On Friday in U.S. District Court in San Jose, a second class-action suit was filed over the hack. Plaintiff Ronald Schwartz, of New York, claims his personal information was stolen. His suit calls Yahoo’s treatment of users’ data “grossly negligent” and alleges that circumstantial evidence indicates “Yahoo insiders” knew of the breach “long before it was disclosed.”

The plaintiffs in the San Diego suit had contacted lawyer David Casey before news of the breach broke Thursday, believing their personal information had been stolen, Casey said Friday.

“They were trying to figure out how people were accessing their information,” Casey said. “When this (breach) became public, they put two and two together.”

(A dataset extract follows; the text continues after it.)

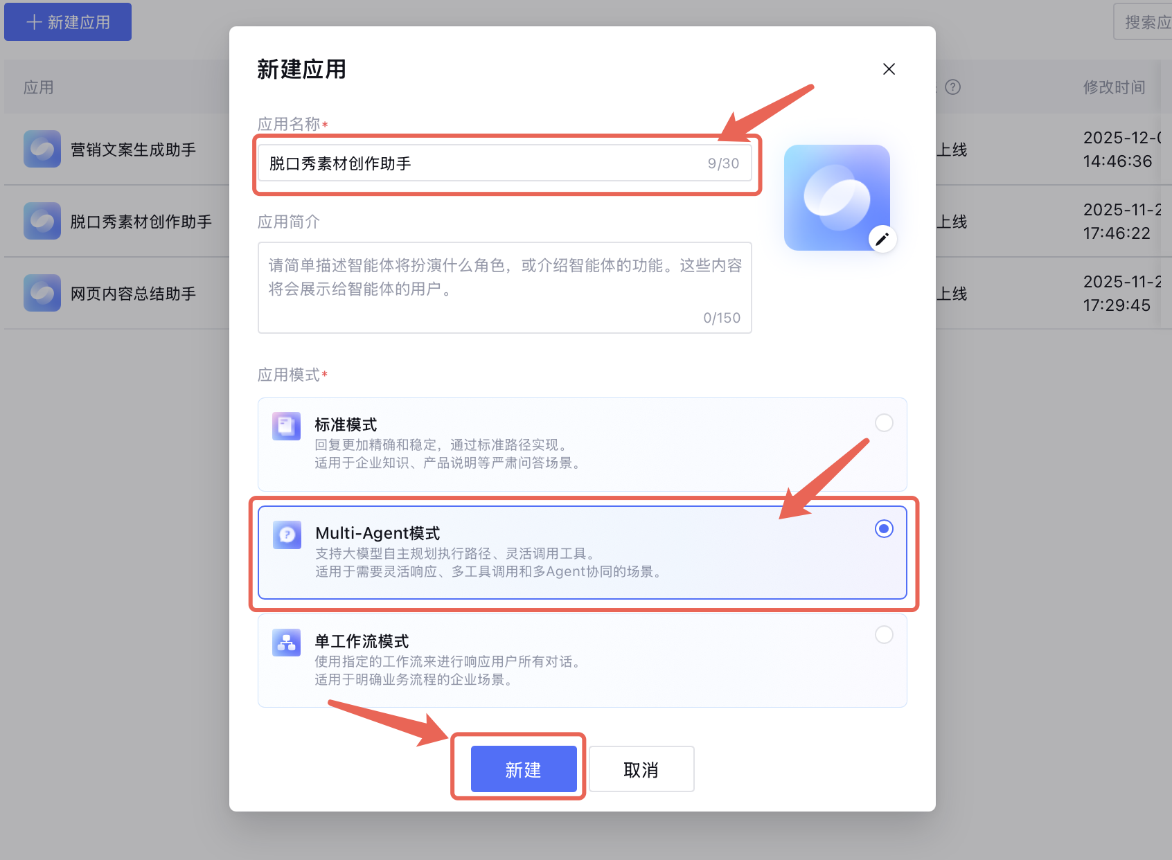 2.2 输入应用名称,选择 Multi-Agent 模式,然后单击新建,即可完成新建应用。新建后自动进入应用设置界面。
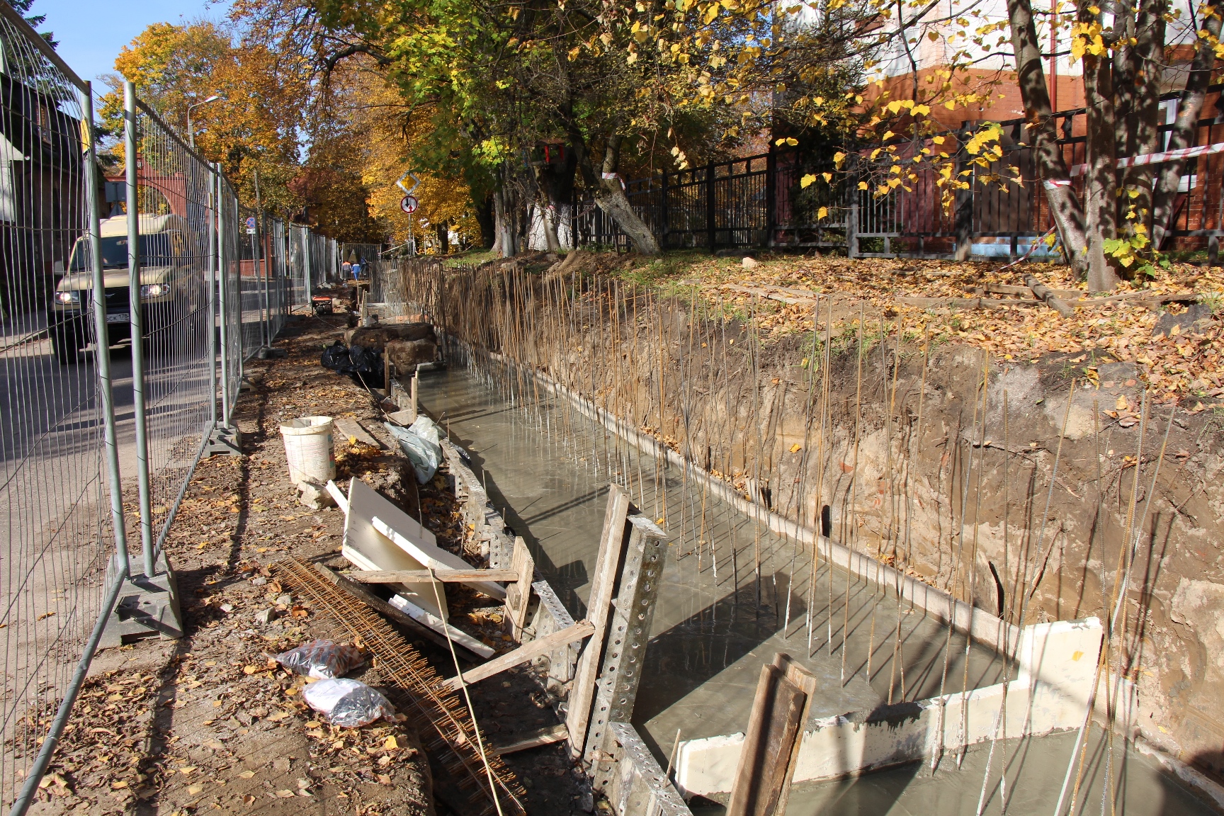 На Тенистой аллее плитку уложили от самого низкого участка до церкви и дальше, вдоль особняков, где въезды и тротуары долго согласовывали с владельцами. Сейчас дорожные строители заливают бетоном подпорную стенку на повороте у начальной школы №19 и готовят основание под продолжение тротуара в сторону ул. Менделеева.

One of the plaintiffs suffered an identity theft that led to “intrusion into personal financial matters,” Casey said.

In the hack, which appears to be the largest in history, users’ email addresses, birthdates, phone numbers, passwords with various levels of encryption, and security questions and answers “may” have been among the data stolen, Yahoo said Thursday. The company said users’ financial information had not been compromised.

However, the San Diego lawsuit claimed Yahoo users’ financial information had been breached. Casey said it wasn’t necessary for financial data to have been stolen to jeopardize users’ finances, as nonfinancial information can be used to steal identities and gain access to personal finances.

Other allegations against Yahoo in the San Diego suit include deception, misrepresentation, invasion of privacy and negligence.

Yahoo declined to discuss the allegations in the lawsuits, saying the company doesn’t comment on ongoing litigation.

The firm said Thursday it had discovered the hack during a “recent” investigation, and a source close to the matter said the discovery occurred after a probe into what turned out to be an unfounded report from July of a breach of user data.

The lawsuits refer to research indicating the average time to identify a hack is 191 days and the average time to contain a breach is 58 days after it’s discovered. Casey said the fact that it took Yahoo nearly two years to find out it had been hacked was a significant factor in the legal case.

The first complaint was filed by San Diego residents Jennifer J. Myers and Paul Dugas, who stated that they were Yahoo users at the time of the 2014 data theft, which Yahoo said hit at least 500 million user accounts.

The lawsuits cite 500,000 potential class-action participants. Both legal actions seek a jury trial and unspecified damages.

Yahoo, in the midst of a $4.8 billion sale to Verizon, blamed a “state-sponsored actor” for the attack, but did not name the country allegedly involved. The FBI is investigating the breach.

The price of Yahoo stock rose slightly on Thursday as news of the breach was circulating, but began to drop in after-hours trading. After opening Thursday at $43.94, the share price had sunk to $42.60 by 12:30 p.m. Friday before rising slightly to close at $42.80.